Task item:
Could you repeat the data word for word while skipping the pictures?

Data segment:

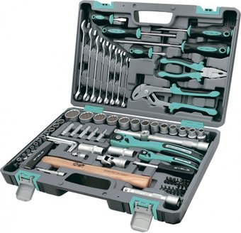 | Комплектация | Ключ трещоточный 1/2. Ключ трещоточный 1/4. Головки торцевые 1/2: 10, 11, 12, 13, 14, 15, 17, 19, 22, 24, 27, 30, 32. Головки торцевые 1/4: 4, 5, 6, 7, 8, 9, 10, 11, 12, 13. Головки торцевые 1/4, удлиненные: 5, 6, 7, 8, 9. Ключи комбинированные: 10, 11, 12, 13, 14, 15, 17, 19. Кардан 1/2. Кардан 1/4. Удлинитель 1/2. Удлинитель 1/4. Отвертка-держатель 1/4. Переходник для бит 1/4. Набор шестигранных ключей: 1.5 мм, 2.0 мм, 3 мм, 3.5 мм, 5 мм, 6 мм, 7 мм. Головки свечные 16 мм и 21 мм. Вороток Т-образный 1/2. Биты: Т10, Т15, Т20, Т25, Т27, Т30, T40, SL3, SL4, SL5, SL6, PH1, PH2, PH3. Пассатижи. Клещи переставные. Молоток, масса головки 0,3 кг. Отвертки: SL6 x 100; SL6,5 x 38, PH2x38; PH2 x 100; PH3 x 200. |
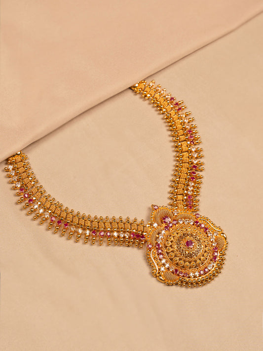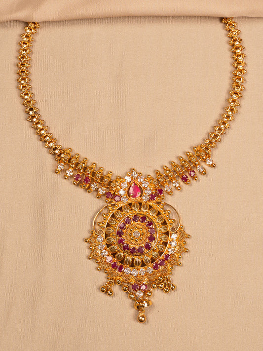 Royal Ruby-Studded Traditional Gold Necklace with Intricate Pendant
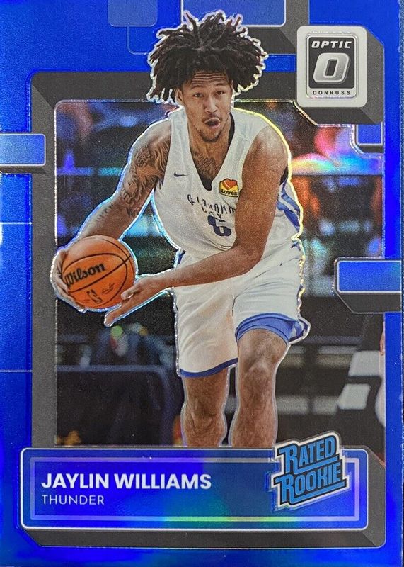 The Jaylin Williams 2022 Optic #246 Blue /49 Rookie card in Raw condition has not changed in price in the last 30 days and was last sold for $26.00 .

Result of this task:
 | Комплектация | Ключ трещоточный 1/2. Ключ трещоточный 1/4. Головки торцевые 1/2: 10, 11, 12, 13, 14, 15, 17, 19, 22, 24, 27, 30, 32. Головки торцевые 1/4: 4, 5, 6, 7, 8, 9, 10, 11, 12, 13. Головки торцевые 1/4, удлиненные: 5, 6, 7, 8, 9. Ключи комбинированные: 10, 11, 12, 13, 14, 15, 17, 19. Кардан 1/2. Кардан 1/4. Удлинитель 1/2. Удлинитель 1/4. Отвертка-держатель 1/4. Переходник для бит 1/4. Набор шестигранных ключей: 1.5 мм, 2.0 мм, 3 мм, 3.5 мм, 5 мм, 6 мм, 7 мм. Головки свечные 16 мм и 21 мм. Вороток Т-образный 1/2. Биты: Т10, Т15, Т20, Т25, Т27, Т30, T40, SL3, SL4, SL5, SL6, PH1, PH2, PH3. Пассатижи. Клещи переставные. Молоток, масса головки 0,3 кг. Отвертки: SL6 x 100; SL6,5 x 38, PH2x38; PH2 x 100; PH3 x 200. |
 Royal Ruby-Studded Traditional Gold Necklace with Intricate Pendant
 The Jaylin Williams 2022 Optic #246 Blue /49 Rookie card in Raw condition has not changed in price in the last 30 days and was last sold for $26.00 .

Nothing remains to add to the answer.